··· INFORMATION PROVIDED

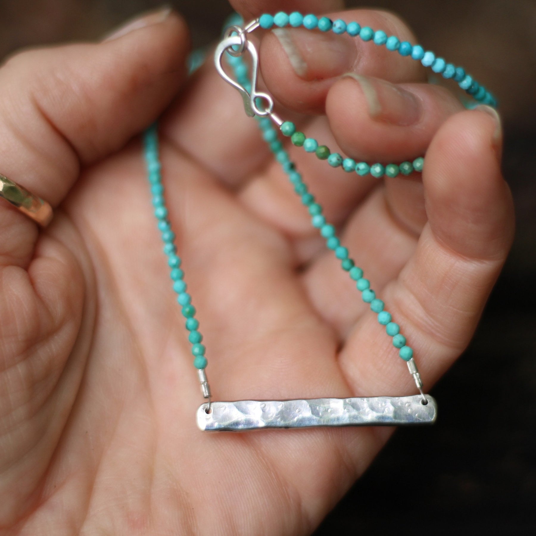 This organic and beautiful necklace is made from a heavy piece of sterling silver flat wire that was cut, filed, and hammered to form a simple bar pendant. The bar is suspended by delicate faceted turquoise beads. Closure is a sterling silver hook and eye clasp. This necklace looks beautiful layered with other necklaces or worn alone.
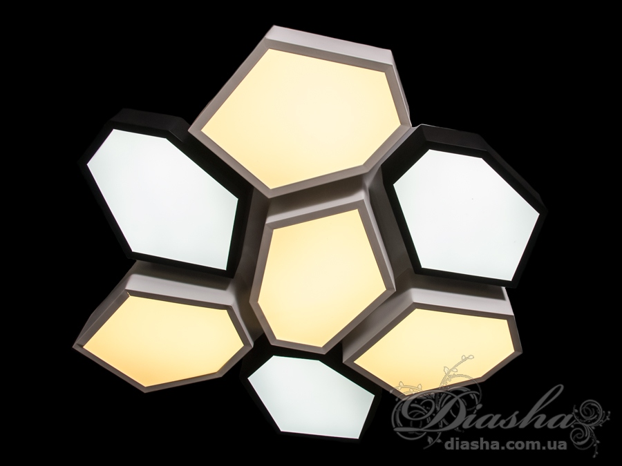 Кристалічні грані діють як природні розсіювачі, завдяки чому світло виглядає більш м’яким і теплим для сприйняття. Три кільця працюють як окремі світлові модулі, тому потік розподіляється по периметру і центру приміщення. Це може бути корисним там, де важливо підкреслити архітектурні деталі або зробити світло комфортним для щоденного використання — у вітальні, спальні чи їдальні.
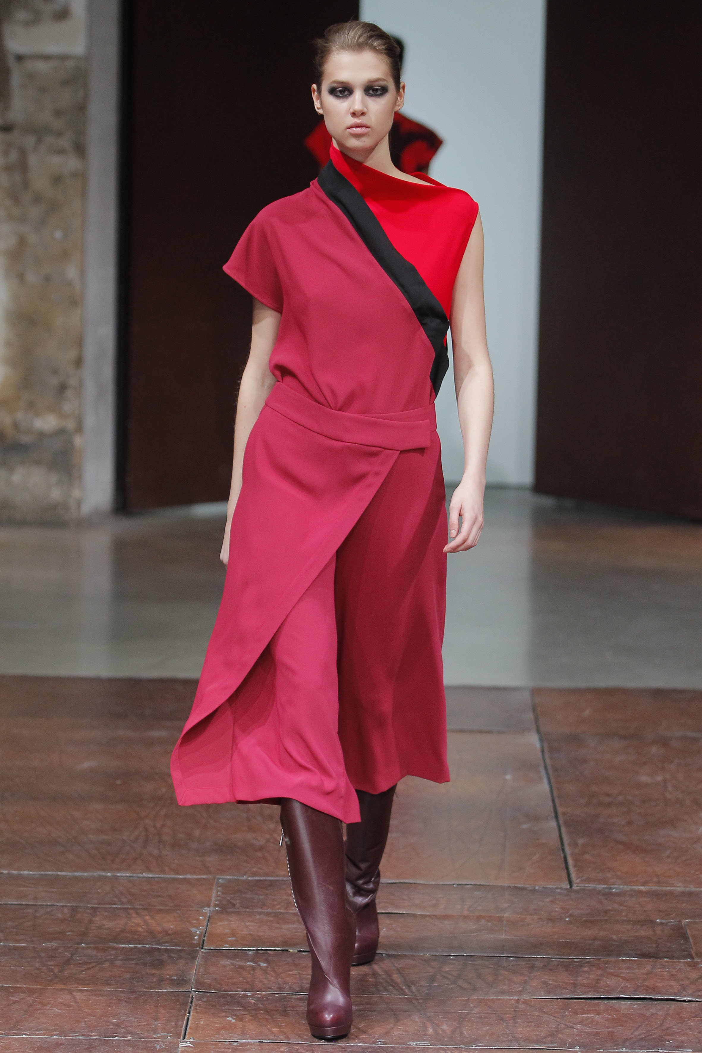 Pour cet hiver 13/14, Luis Buchinho propose une collection sur le thème de l’identité et notamment l’identité forte de la révolution portugaise. Le rouge et le noir rappelant la violence, cette collection est provocatrice et moderne de par l’utilisation des détails asymétriques et des constructions géométriques chères à Luis Buchinho. Les épaules sont marquées donnant un aspect rétro/moderne. Les matières utilisées sont variées, on y retrouve la peau, le tweed et la laine feutrée.
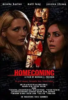 Homecoming is a 2009 American independent horror-thriller film,[1] directed by Morgan J. Freeman and written by Katie L. Fetting, Jake Goldberger and Frank Hannah.[2] The film follows a student couple, Mike (Matt Long) and Elizabeth (Jessica Stroup), on their homecoming. Elizabeth is taken home by Mike's ex-girlfriend Shelby (Mischa Barton) after a road accident. Shelby is soon revealed to be fixated on Mike and subsequently treats Elizabeth in a cruel and deranged manner. The film was poorly received by critics but was a box office success, grossing $8.5 million against a $1.5 million budget.

······

WHAT IS REQUIRED: Repeat the lines exactly as they stand, from the opening line of the data through the line with "Кристалічні грані діють". Pictures stay out of the copy.

RESPONSE TO THE EXERCISE:
 This organic and beautiful necklace is made from a heavy piece of sterling silver flat wire that was cut, filed, and hammered to form a simple bar pendant. The bar is suspended by delicate faceted turquoise beads. Closure is a sterling silver hook and eye clasp. This necklace looks beautiful layered with other necklaces or worn alone.
 Кристалічні грані діють як природні розсіювачі, завдяки чому світло виглядає більш м’яким і теплим для сприйняття. Три кільця працюють як окремі світлові модулі, тому потік розподіляється по периметру і центру приміщення. Це може бути корисним там, де важливо підкреслити архітектурні деталі або зробити світло комфортним для щоденного використання — у вітальні, спальні чи їдальні.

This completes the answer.